Coringa: Serene and picturesque

Coringa: Serene and picturesque

A very few people know that Andhra Pradesh has India-'s second-largest stretch of mangrove forests (after Sundarbans) at Coringa near Kakinada....

A very few people know that Andhra Pradesh has India's second-largest stretch of mangrove forests (after Sundarbans) at Coringa near Kakinada. Coringa is about 15 km from Kakinada town in coastal Andhra Pradesh and accessible from the Kakinada-Yanam road.

Coringa, which also has a wildlife sanctuary and the nearby Uppada beach was our destination. Not only is the Uppada beach relatively clean and unspoiled, the eponymous village also offers a great shopping experience – Uppada sarees, dress materials, stoles and dupattas are among the most beautiful of the State's handloom heritage.

Actually, all these are located in the Konaseema region, a large coastal area of Andhra Pradesh noted for its picturesque vistas with lush-green paddy fields, mango-tree orchards, and coconut plantations. The Godavari river and its tributaries flowing alongside are dotted with quaint coracles and fishermen boats.

Besides its scenic beauty, there was much more one can explore here – delectable cuisine, river cruises, and famous temples. Of course, I had been here countless times but for my friends, it was a first-time visit and they were fascinated. We stayed at the homes of relatives but in recent years, plenty of accommodation options have come up – resorts, guest-houses, hotels, and boathouses. Most offer riverside views and cruise-packages.

We made our way to Coringa Wildlife Sanctuary, stopping every now and then for the photo-ops this area provides is plenty. Coringa Sanctuary and the mangroves are spread over 235 sq km approximately. Coringa was declared a sanctuary in 1978, to protect the natural mangrove vegetation.

The sanctuary is part of the mangroves which you can visit on a boat. It is formed in the delta and estuary region of Godavari river which merges into the Bay of Bengal here. It is located in the backwaters of the sea. Another interesting fact we were told –Coringa sanctuary has an 18-km-long sandspit in the north-eastern side where, seasonally, the endangered Olive Ridley turtles come to rest.

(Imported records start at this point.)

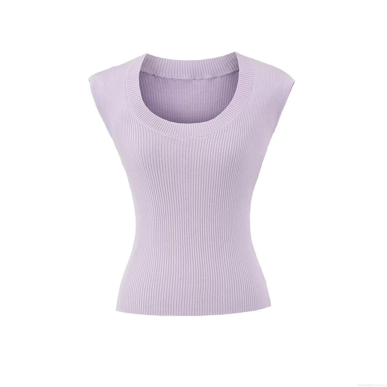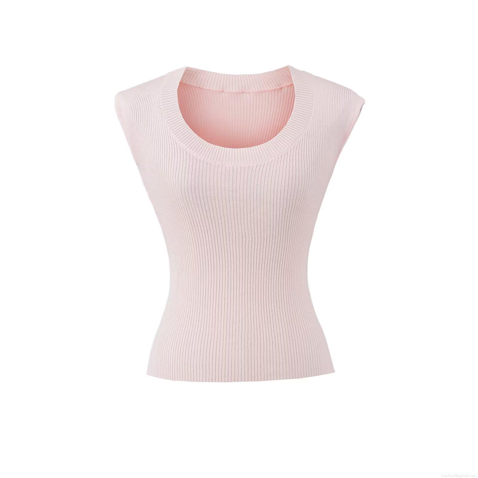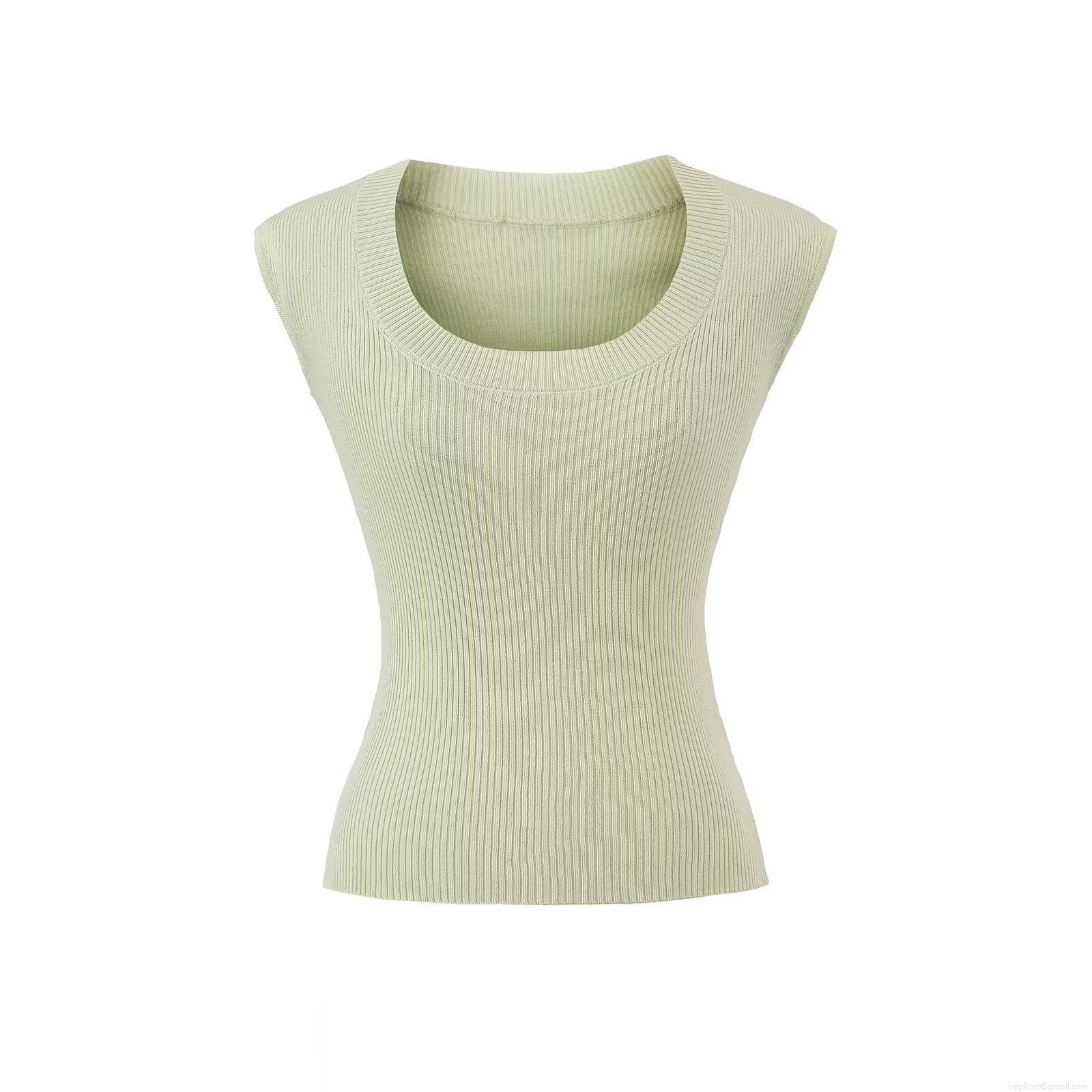 Women's Round Neck Sleeveless Ribbed Knit T-Shirt Slim Fit Solid Color Viscose Polyester Summer Streetwear Casual Tank Top Vest
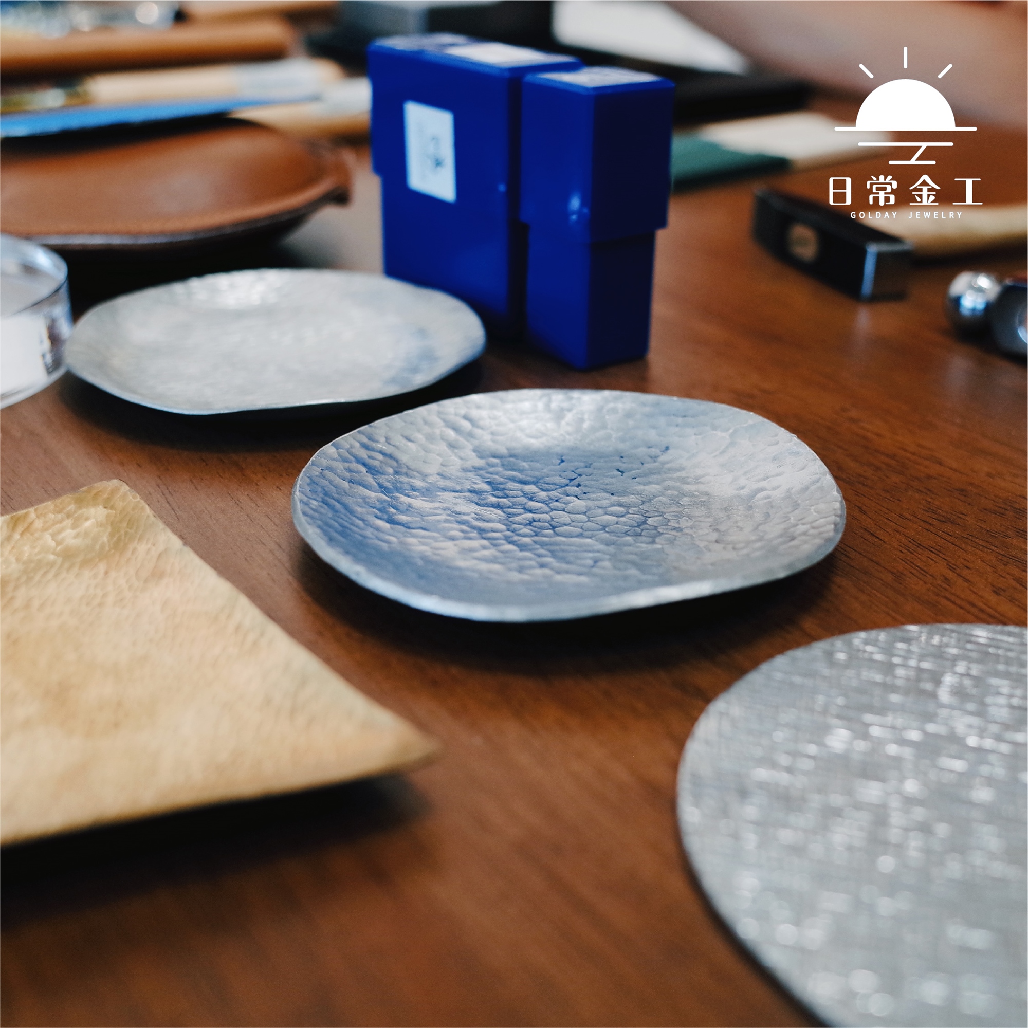 「錫」在金屬中相對是較軟的金屬,無毒無味的它很適合結合金工鍛敲的技法,在表面敲擊出漂亮的紋路,讓錫盤既有手工感也能融入日常使用。本堂課會學習到金屬鍛敲的基礎技法,認識不同鎚子、創造不同紋路,讓你可以細細體會金屬迷人的地方!
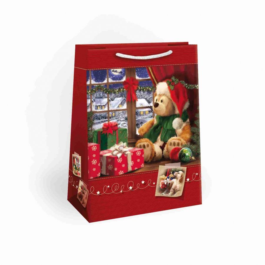 Vánoční papírová dárková taška s originálním designem. Vyrobená z kvalitního pevného papíru pro rychlé a praktické zabalení dárků všech velikostí. Kvalita zpracování zaručuje dostatečnou pevnost proti protržení dna nebo odtržení oušek.
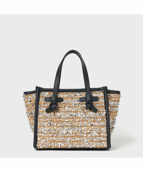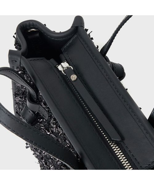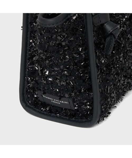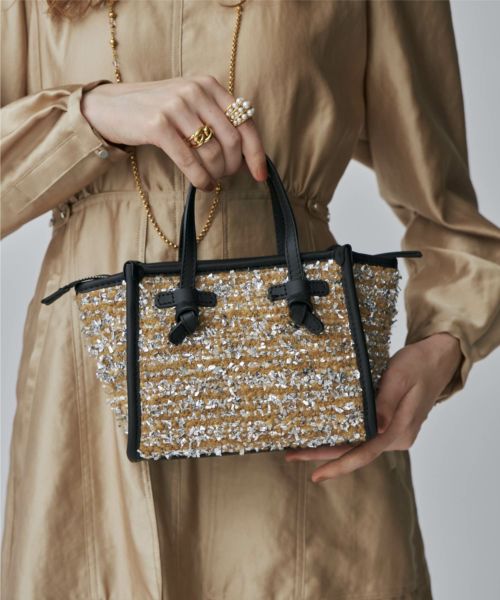 【デザイン】GIANNI CHIARINI(ジャンニ キアリーニ)のバッグ。ブランドのベストセラーアイテム"マルチェッラ"よりクロスボディバッグ、ハンドバッグとして使用できるミニサイズが登場。ブークレウールとルレックスが織り込まれたキラキラと輝くデザイン。アクセサリーのような華やかさが冬のデイリースタイルを引き立てます。トップジップがついた実用性とデザイン性を兼ね備えたアイテムです。取り外し可能なショルダーストラップ付。
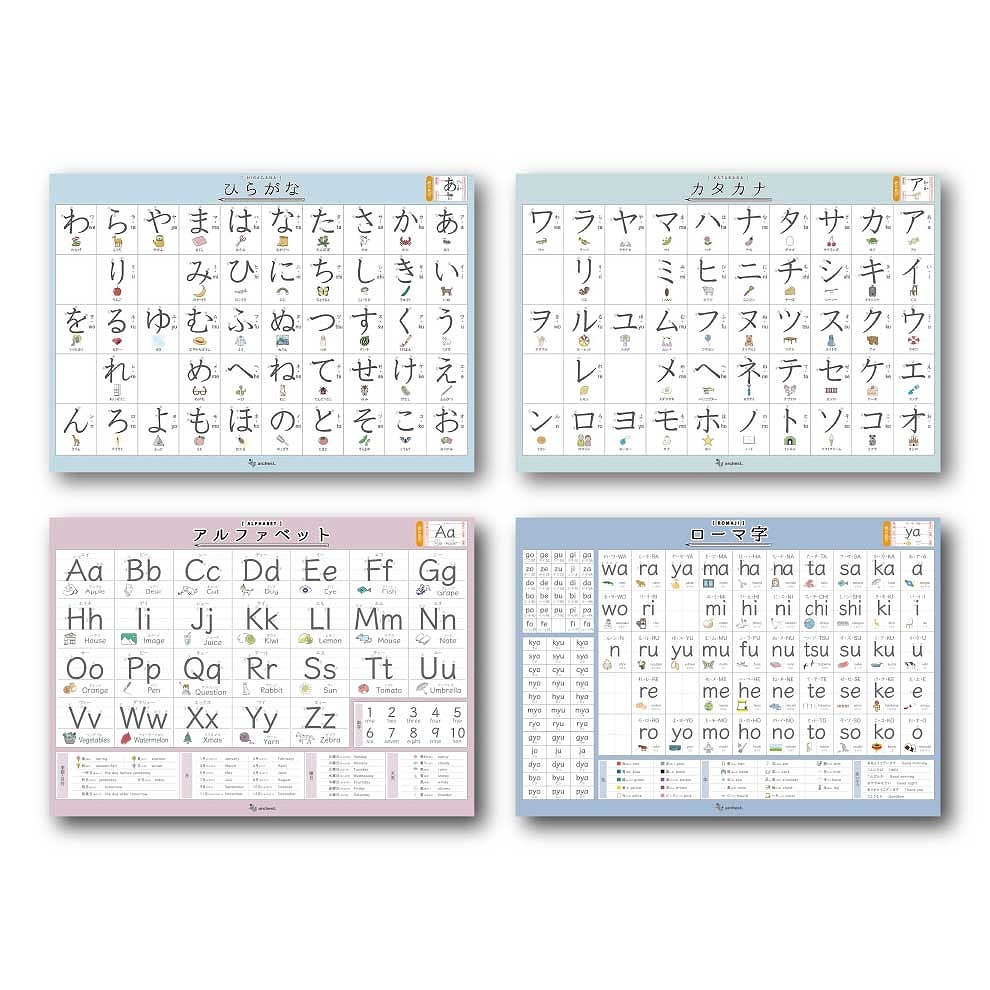 ■内 容:ひらがな(1枚)、カタカナ(1枚)、アルファベット(1枚)、ローマ字(1枚)
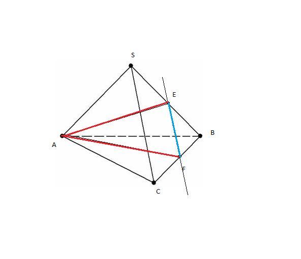 В треугольной пирамиде SABC с основанием АВС все ребра равны а. Постройте сечение пирамиды, проходящей через вершину А и середины рёбер SB и ВС.
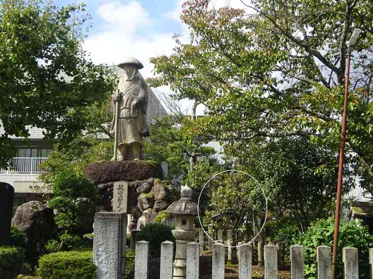 清明の南端、北陸道に沿った中荒井の一角に浄土真宗の開祖、親鸞さんの大きな像が建っています。今から八百年ほど前、念仏を禁止され越後国に流される途中、中荒井村の辻の森で村人に教えを説いたそうです。そしてお昼に出たおにぎりを食べると中に入っていた梅干しの種を路傍の土に埋めこう言いました。
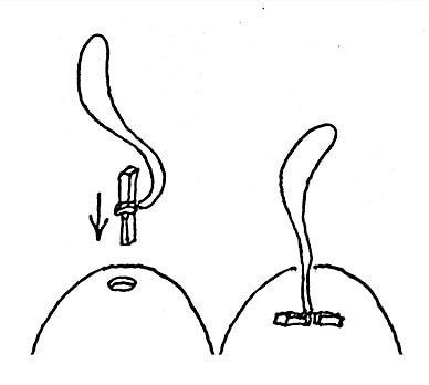 К СВЕДЕНИЮ: чтобы на ёлочной игрушке сделать петельку для ёлки, сломайте спичку пополам и к её середине привяжите нитку так, чтобы получилась петелька. Теперь эту половинку спички целиком засовываем в яйцо через верхнюю дырочку: там спичка развернётся и застрянет, удерживая петельку (рис.7).
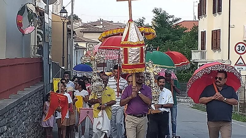I partecipanti, fedeli cattolici di origine indiana, si sono ritrovati alle ore 18 alla chiesetta di Sant’Ermacora (Casa Soggiorno Binotto) dalla quale è partita la processione lungo le vie del paese con l’accompagnamento della Banda Musicale di Pederobba.
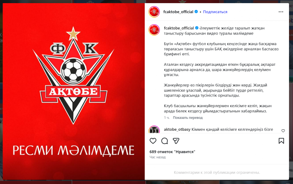 Также в клубе заявили, что фанатское сообщество восприняло новость о переходе в частные руки позитивно. Однако, видимо, фигура нового предправления Армана Оспанова пришлась по душе не всем. Несколько болельщиков пришли на пресс-конференцию и принесли плакаты с нелицеприятными высказываниями в соцсетях Оспанова в адрес ФК “Актобе” и потребовали его отставки.

Of course, there are hardly any wild animals to be seen in Coringa sanctuary. However, you can walk through a serene forest area over walkways made of wooden planks spotting birds and listening to birdsongs – we found the experience exhilarating.

The other big draw is the cruise through these mangroves. The best time is early morning or evening; mangroves provide timber, protect against erosion of the land and their unique ecology allows certain wildlife, birds and plant-life to thrive here. According to the forest officials here, about 35 plant species from 24 families are found here. Coringa also houses 120 bird species.

Take a boat and you can glide through the tranquil waters spotting birds on the banks and enjoying the scenic views. Many of the birds here are migratory ones. The entire list includes seagulls, flamingoes, pond heron, grey heron, sandpiper, little egrets, red-wattled lapwing, blue kingfisher, pied kingfisher, Brahmini kites, little cormorant, reef heron, crow pheasant, black-capped kingfisher, etc.

The critically endangered white-back vulture and long-billed vulture also find a home here. The animals you can see if lucky are fishing cats, estuarine crocodiles, jackal monkeys, otters, etc. Returning to the land we headed back for dinner and sleep. Next morning, we visited Uppada beach.

The sunrise over the beach is perfect for great photo-ops or just to gaze at the beauty. We next headed to the village, saw the weavers at work and shopped a little. The vibrantly-hued cotton and silk products of Uppada are worth every rupee and buying here means you get them at better rates than in city showrooms.

We drove to next-door Kakinada where we visited its renowned Sri Balatripura Sundari temple. We then picked up loads of local sweets and savouries – the delectable putharekulu, minapasunnundalu, kajaalu, kajjikayalu, ariselu, etc.

We made a quick dash to Annavaram’s Sathyanarayana temple, which is one of India’s biggest and busiest to this deity and located on a hilltop which is a longish drive from Kakinada before returning to Hyderabad.